> [Excerpts from a dataset]:
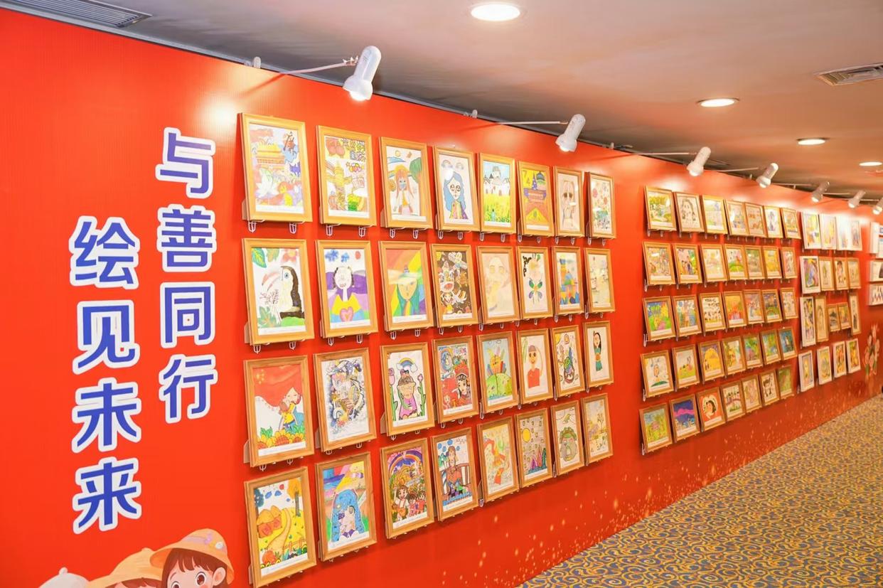 晚会现场特设乡村儿童画作展览区,80幅充满童真与梦想的画作构成一道温暖的风景线。在义卖环节,这些作品被志愿者精心放置于每张餐桌旁,形成“移动的微画廊”,让嘉宾在晚宴交流之余,能近距离感受孩子们笔下的世界,并随时扫码认捐,将艺术之美直接转化为爱的助力。
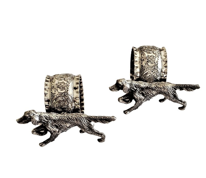 PAIR Figural Napkin Ring English Silver Plate c.1895 ENGLISH POINTER. SKU #: ANT2470.
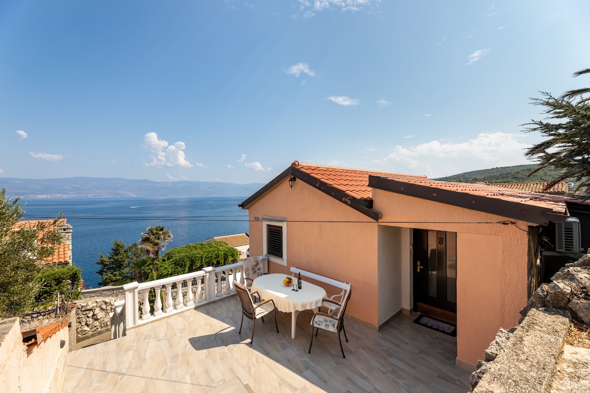 Apartament znajduje się w pobliżu centrum Opatija, zaledwie kilka minut jazdy samochodem lub osiem minut spacerem. Składa się z salonu, sypialni, jadalni, dwóch łazienek, kuchni, sauny, salonu na otwartej przestrzeni, tarasu, otaczającego ogrodu i parkingu. Dzięki temu, że jesteś na parterze z otaczającym ogrodem, masz wrażenie, że wynajmujesz dom, a nie mieszkanie.
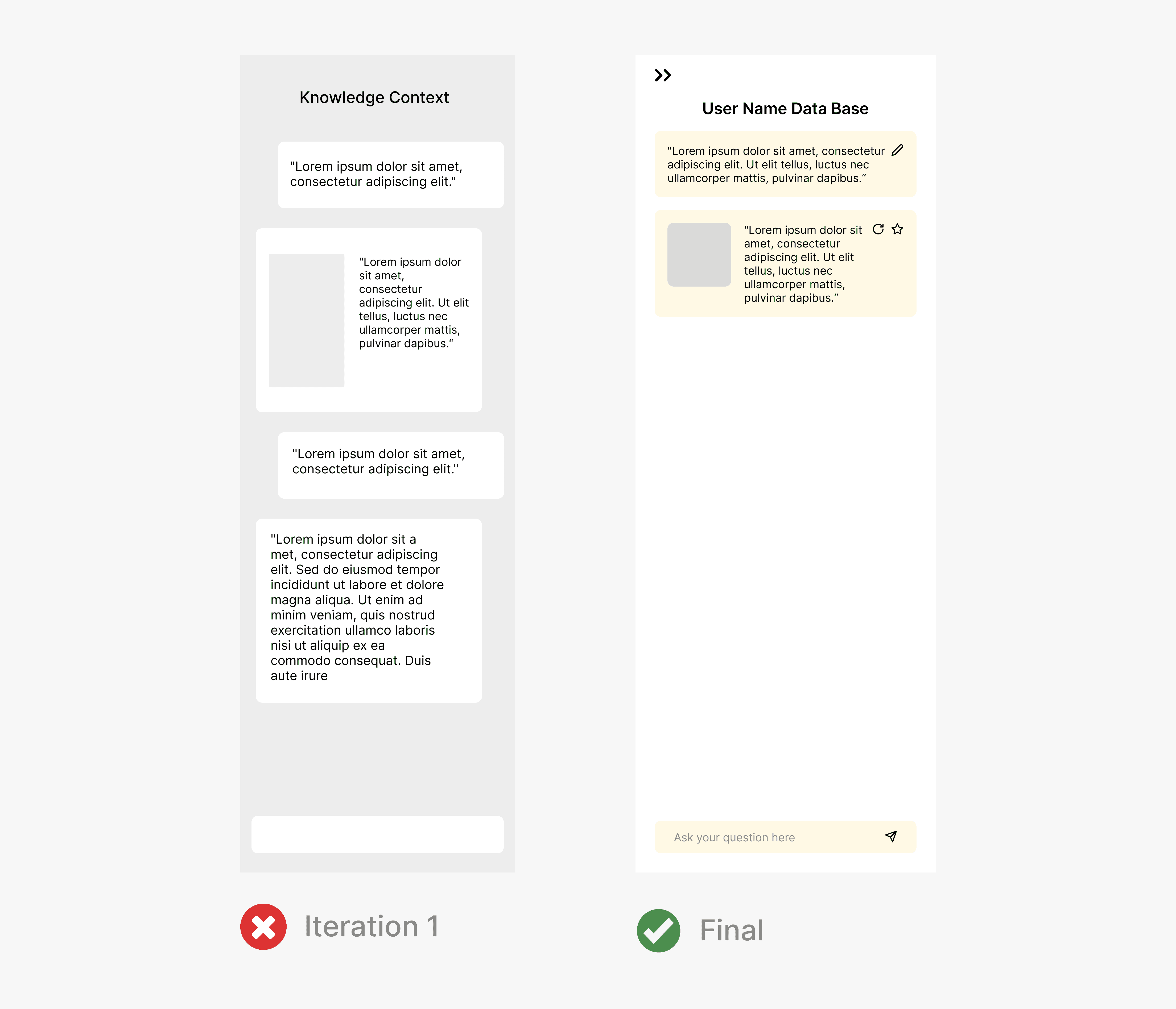 We began exploring different interfaces for the AI chatbot, something our client strongly wanted, along with its design and how generative AI has influenced design systems.
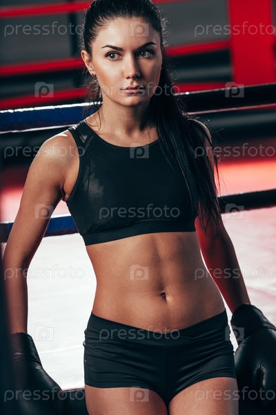 Спортивная девушка в боксерских перчатках
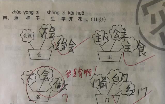 用“各”组三个词,学生表示不会写,然后写上不会做3个字,老师生气了,打了一个问号,评语写道:很中肯啊!
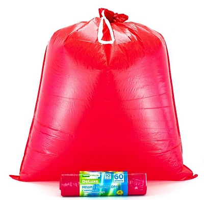 Мешки для мусора с завязками 60 литров, 35 мкм, 10 штук, ПCД, красные
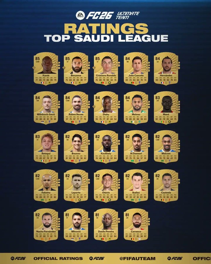 沙特聯(lián)球員FC26能力值排行:C羅、本澤馬、坎特85排并列第1

> [WHAT IS NEEDED]: All the records above must be retyped exactly, except for their pictures.

> [SOLVED EXERCISE]:
 晚会现场特设乡村儿童画作展览区,80幅充满童真与梦想的画作构成一道温暖的风景线。在义卖环节,这些作品被志愿者精心放置于每张餐桌旁,形成“移动的微画廊”,让嘉宾在晚宴交流之余,能近距离感受孩子们笔下的世界,并随时扫码认捐,将艺术之美直接转化为爱的助力。
 PAIR Figural Napkin Ring English Silver Plate c.1895 ENGLISH POINTER. SKU #: ANT2470.
 Apartament znajduje się w pobliżu centrum Opatija, zaledwie kilka minut jazdy samochodem lub osiem minut spacerem. Składa się z salonu, sypialni, jadalni, dwóch łazienek, kuchni, sauny, salonu na otwartej przestrzeni, tarasu, otaczającego ogrodu i parkingu. Dzięki temu, że jesteś na parterze z otaczającym ogrodem, masz wrażenie, że wynajmujesz dom, a nie mieszkanie.
 We began exploring different interfaces for the AI chatbot, something our client strongly wanted, along with its design and how generative AI has influenced design systems.
 Спортивная девушка в боксерских перчатках
 用“各”组三个词,学生表示不会写,然后写上不会做3个字,老师生气了,打了一个问号,评语写道:很中肯啊!
 Мешки для мусора с завязками 60 литров, 35 мкм, 10 штук, ПCД, красные
 沙特聯(lián)球員FC26能力值排行:C羅、本澤馬、坎特85排并列第1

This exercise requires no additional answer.